◆ **TASK TO COMPLETE**
Your reply must contain the lines from the one with "苏黛庄园 青岛葡萄酒有限公司(关于苏黛庄园 青岛葡萄酒有限公司部分内容简述)" through the last line of the material, exact and complete, with no pictures and no other text.

◆ **RECORDED INFORMATION**
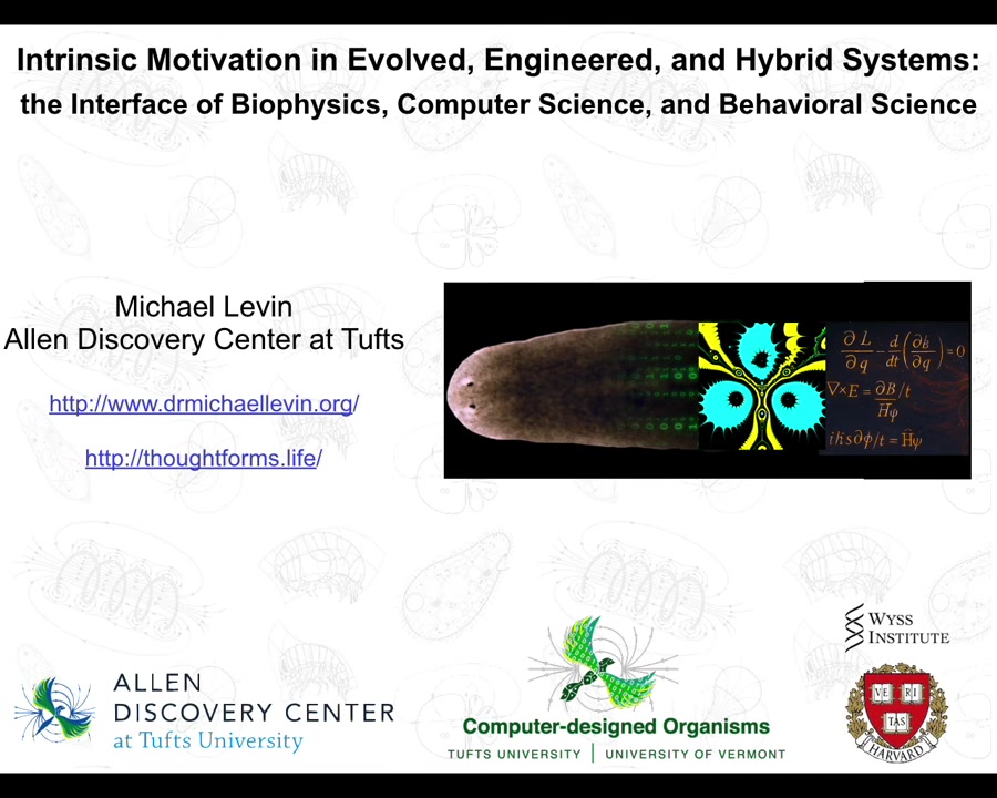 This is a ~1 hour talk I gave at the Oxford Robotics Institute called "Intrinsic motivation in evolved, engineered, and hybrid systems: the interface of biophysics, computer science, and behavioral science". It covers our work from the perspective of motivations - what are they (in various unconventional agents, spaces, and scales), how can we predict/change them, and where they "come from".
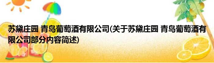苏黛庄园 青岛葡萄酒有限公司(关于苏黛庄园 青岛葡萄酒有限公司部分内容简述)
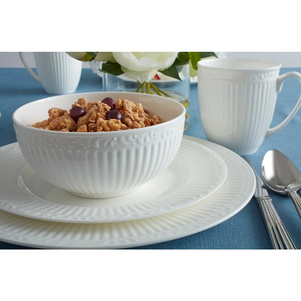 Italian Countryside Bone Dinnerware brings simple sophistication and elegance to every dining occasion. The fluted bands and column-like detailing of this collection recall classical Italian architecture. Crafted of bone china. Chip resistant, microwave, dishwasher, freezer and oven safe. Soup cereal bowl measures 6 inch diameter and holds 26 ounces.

◆ **SOLUTION TO THE PROBLEM**
苏黛庄园 青岛葡萄酒有限公司(关于苏黛庄园 青岛葡萄酒有限公司部分内容简述)
 Italian Countryside Bone Dinnerware brings simple sophistication and elegance to every dining occasion. The fluted bands and column-like detailing of this collection recall classical Italian architecture. Crafted of bone china. Chip resistant, microwave, dishwasher, freezer and oven safe. Soup cereal bowl measures 6 inch diameter and holds 26 ounces.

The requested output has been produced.